Algan jeta un coup d’œil autour de lui. Une foule animée se pressait contre les éventaires des marchands, des voitures silencieuses, noires et longues parcouraient les rues. Mais toute l’activité de la ville se déroulait dans un si grand silence que l’atmosphère était sinistre ; les masques et les vêtements sombres ajoutaient encore à cette sombre impression.

Algan s’engagea par la porte basse et étroite, dans la boutique ; ce n’était, tout au plus, qu’un étroit réduit, dans lequel se trouvaient entassées d’inconcevables richesses, des étoffes d’une légèreté et d’un éclat incomparable, des fourrures d’une tiédeur et d’une finesse idéales, des objets de métal travaillé.

Le marchand s’assit sur un monceau de fourrures et invita Algan à prendre place dans un haut fauteuil de cuir, de toute évidence en provenance de la Terre. La lumière était incertaine dans le réduit, mais les yeux d’Algan s’habituèrent bientôt, et il laissa son regard parcourir les recoins de la boutique.

— Je vois que ma boutique vous plaît, monsieur, dit le marchand. Cela me réchauffe le cœur.

Il se pencha vers Algan avec un sourire complice et lui dit :

— Aimez-vous le zotl ?

— Il y a bien longtemps que je n’en ai bu, soupira Algan. Mais je croyais que les mondes puritains…

— Il y a des accommodements, monsieur, dit le marchand. Nous avons un proverbe : « La façade seule compte pour qui ne franchit pas le seuil. » C’est un très vieux proverbe. Ne vous plaît-il pas ?

Le marchand prit une racine de zotl sur une étagère et la glissa dans une petite machine à presser le zotl qui avait extérieurement l’aspect tout à fait inoffensif d’une sculpture. Il attendit un temps que la dure racine se fût entièrement décolorée et que le jus se fût décanté. Puis il versa la liqueur ambrée dans de hauts gobelets d’argent.

— Attendez, dit-il, ne buvez pas tout de suite. Je désire vous montrer quelque chose. Je sais que je puis vous faire confiance.

Le ton du marchand s’était imperceptiblement transformé. Il était moins obséquieux, moins visiblement commercial, il s’était fait plus dur, plus net, plus tranchant. Le marchand entendait être obéi et Algan voulait savoir où il désirait en venir.

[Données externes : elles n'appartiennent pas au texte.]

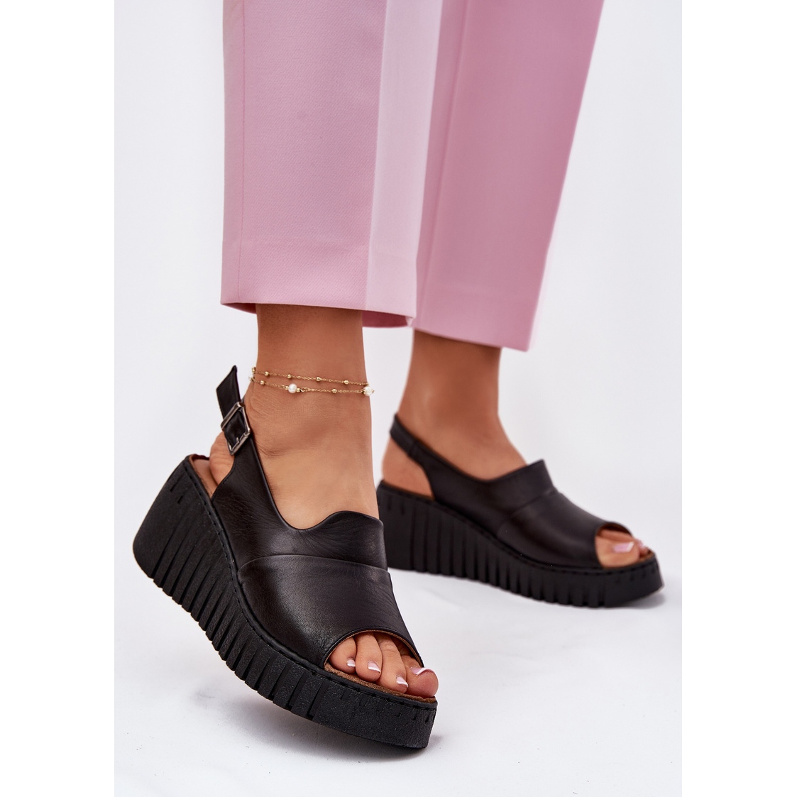 As sandálias femininas feitas de couro natural na cunha de arte 54C0791 em preto é a escolha perfeita para mulheres que valorizam a elegância e o conforto nas estilizações de verão. Feitos de couro natural de alta qualidade, essas sandálias se deleitam não apenas com a estética, mas também com a funcionalidade.
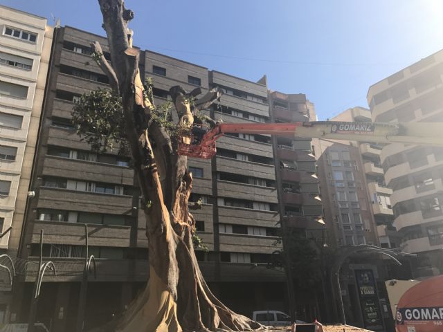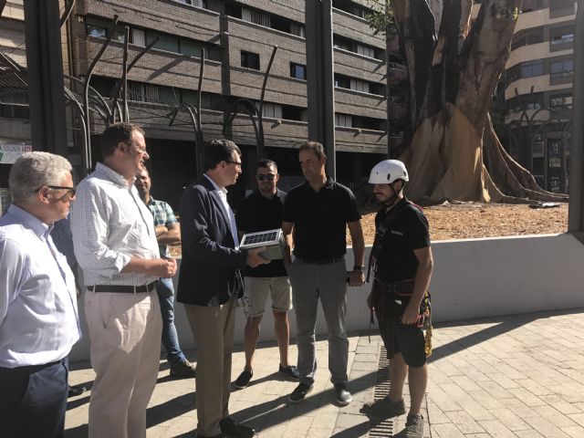 La Concejalía de Modernización de la Administración, Calidad Urbana y Participación, que dirige José Guillén, está instalando unos sensores en el ficus de la plaza de Santo Domingo y en los diez que se encuentran en el jardín de Floridablanca con el fin de monitorizar su estado en tiempo real y garantizar así la seguridad.

— Placez l’échiquier sur vos genoux, monsieur, posez votre main droite sur les cases, c’est cela, un doigt sur chaque case. Peu importe lesquelles. Et maintenant écoutez-moi.

— Nous voyons bien des gens, monsieur, sur une planète comme Ulcinor. Et d’habitude, on nous fait confiance, car on sait que nous sommes d’une probité au-dessus de tout éloge. Nos coutumes ne sont pas toujours appréciées comme elles devraient l’être, et notre intolérance, cependant légitime, nous déconsidère souvent. Pourtant les étrangers nous font dans l’ensemble confiance, et c’est une chose bien rare dans toute l’étendue de l’espace, croyez-moi. Aussi nous racontent-ils des choses qu’ils ne diraient nulle part ailleurs et que Bételgeuse elle-même, dans son orgueilleuse puissance, ignore.

» Vous n’aimez pas Bételgeuse, monsieur, inutile d’essayer de me détromper. J’ai tout de suite vu à votre costume que vous étiez un pionnier et que vous veniez de la Terre, et je sais comment Bételgeuse recrute les pionniers sur la Terre, quoique le gouvernement central ne s’en vante pas beaucoup. Eh bien, nous aussi, nous avons de bonnes raisons de ne pas aimer Bételgeuse.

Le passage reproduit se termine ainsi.